Plasma: The Liquid Foundation

Blood plasma is approximately 92% water by volume, with the remaining 8% consisting of dissolved proteins (7%), electrolytes (0.9%), and other solutes including glucose, lipids, amino acids, hormones, waste products, and dissolved gases. This straw-colored fluid serves as the transport medium for everything the circulatory system delivers: nutrients absorbed from the gut, hormones released by endocrine glands, antibodies produced by immune cells, waste products destined for the kidneys and liver, and heat generated by metabolically active tissues that must be distributed or dissipated.

The three major plasma protein groups are albumin (60% of total plasma protein, produced by the liver at 10 to 15 grams per day), globulins (35%, including immunoglobulins, transport proteins, and complement factors), and fibrinogen (4%, the inactive precursor to fibrin used in clot formation). Albumin's primary function is maintaining oncotic pressure, the osmotic force that draws water from the interstitial space back into capillaries. At a concentration of approximately 35 to 50 grams per liter, albumin accounts for about 80% of plasma oncotic pressure. When albumin levels drop (as in liver disease or malnutrition), fluid leaks from capillaries into tissues, causing edema.

Plasma electrolytes maintain precise concentrations critical for cell function: sodium at 135 to 145 millimoles per liter (the primary extracellular cation), potassium at 3.5 to 5.0 mmol/L (critical for cardiac and neural function), chloride at 96 to 106 mmol/L, bicarbonate at 22 to 26 mmol/L (the primary blood buffer), and calcium at 2.2 to 2.6 mmol/L. These concentrations are regulated within narrow ranges by the kidneys, with deviations of even 10 to 20% capable of causing dangerous cardiac arrhythmias, seizures, or muscle paralysis.

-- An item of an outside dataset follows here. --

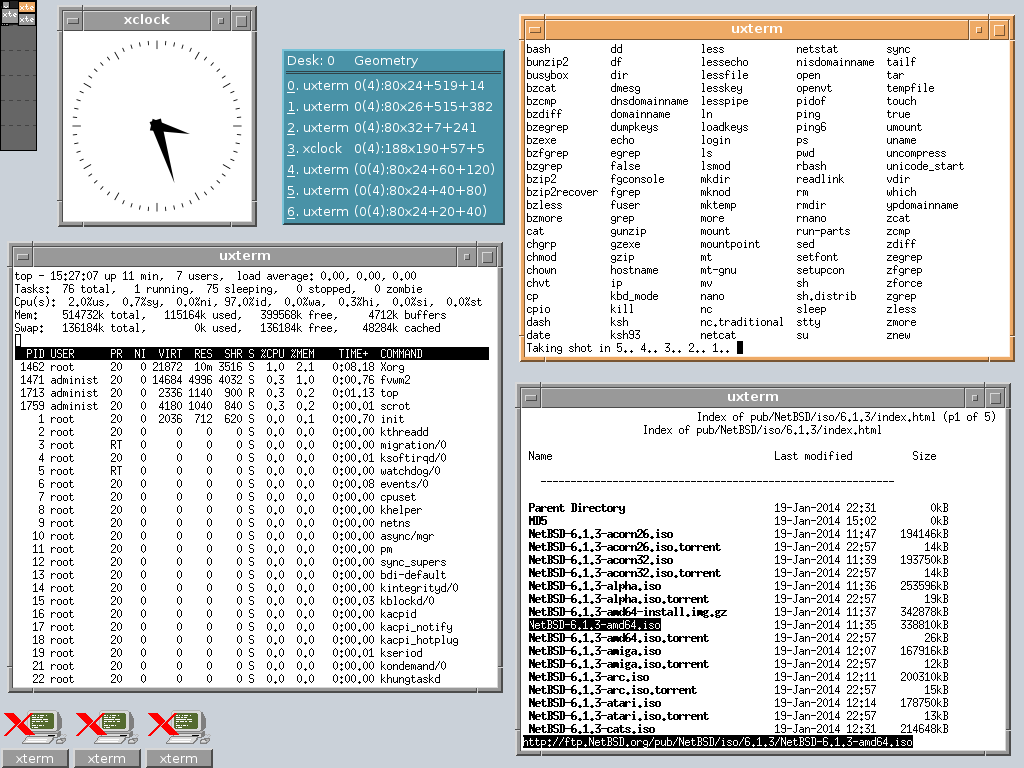 FVWM emulating the look of the Common Desktop Environment (CDE), using the "FVWM-min" package. Running on Debian GNU/Linux.

Red Blood Cells: Oxygen Transport Specialists

Red blood cells (erythrocytes) are the most abundant cells in blood, numbering approximately 4.5 to 5.5 million per microliter in healthy adults (roughly 25 trillion total in the body). Each RBC is a biconcave disc approximately 7.5 micrometers in diameter and 2.5 micrometers thick at the edges, tapering to about 1 micrometer at the center. This distinctive shape maximizes surface area relative to volume (providing about 30% more membrane surface than a sphere of the same volume), facilitating gas exchange, while also allowing the cell to deform and pass through capillaries as narrow as 3 micrometers in diameter.

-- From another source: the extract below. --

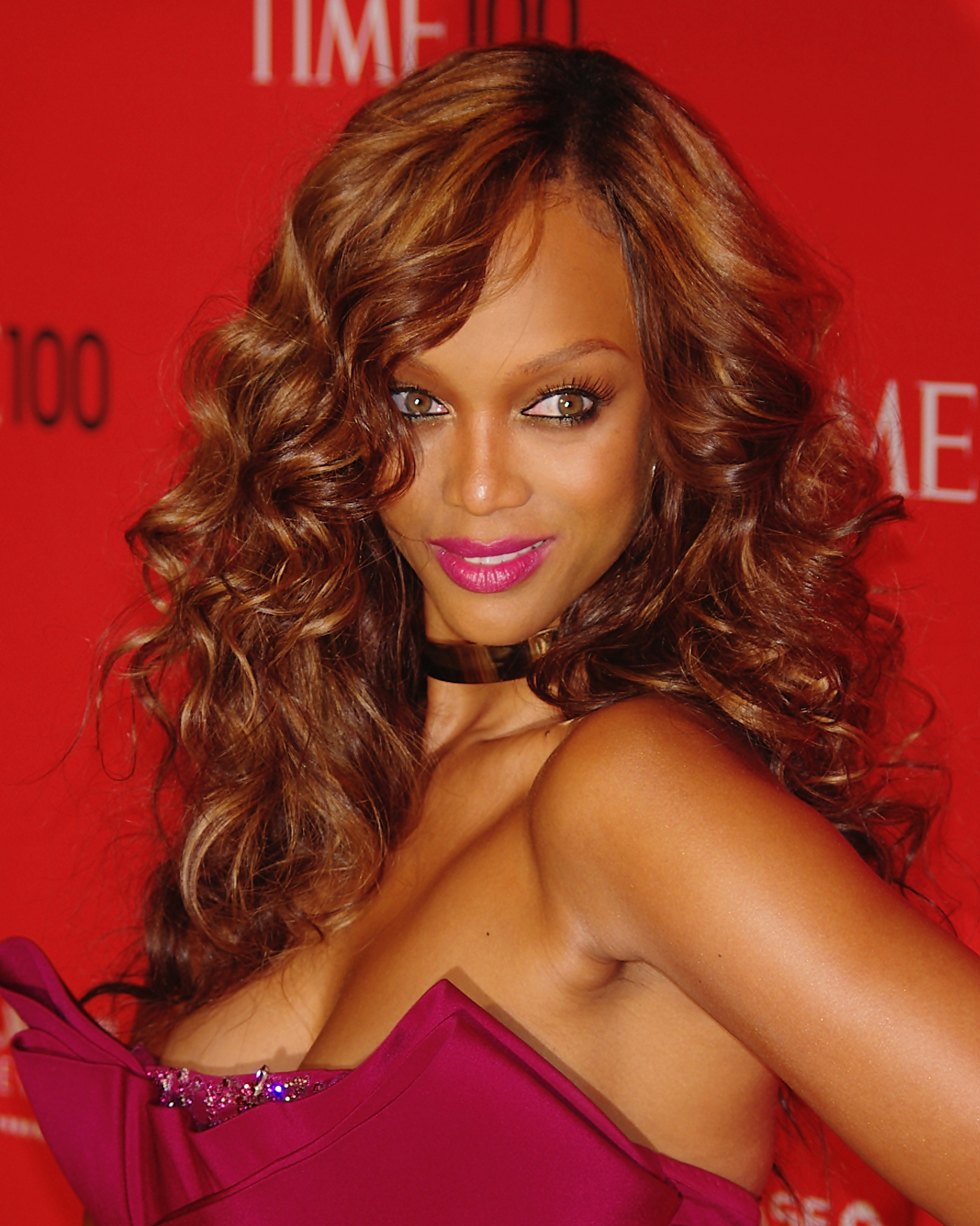 Tyra Banks at the 2012 Time 100 gala.

Mature red blood cells in mammals are unique among body cells because they lack a nucleus, mitochondria, and other organelles, which were expelled during the final stages of development in the bone marrow. This extreme specialization serves two purposes: it frees up internal space for approximately 270 million hemoglobin molecules per cell (each capable of binding four oxygen molecules), and it eliminates mitochondrial oxygen consumption so the cell does not use the oxygen it transports. Each hemoglobin molecule consists of four globin protein chains (two alpha and two beta in adult hemoglobin A), each containing an iron-centered heme group that reversibly binds one O2 molecule.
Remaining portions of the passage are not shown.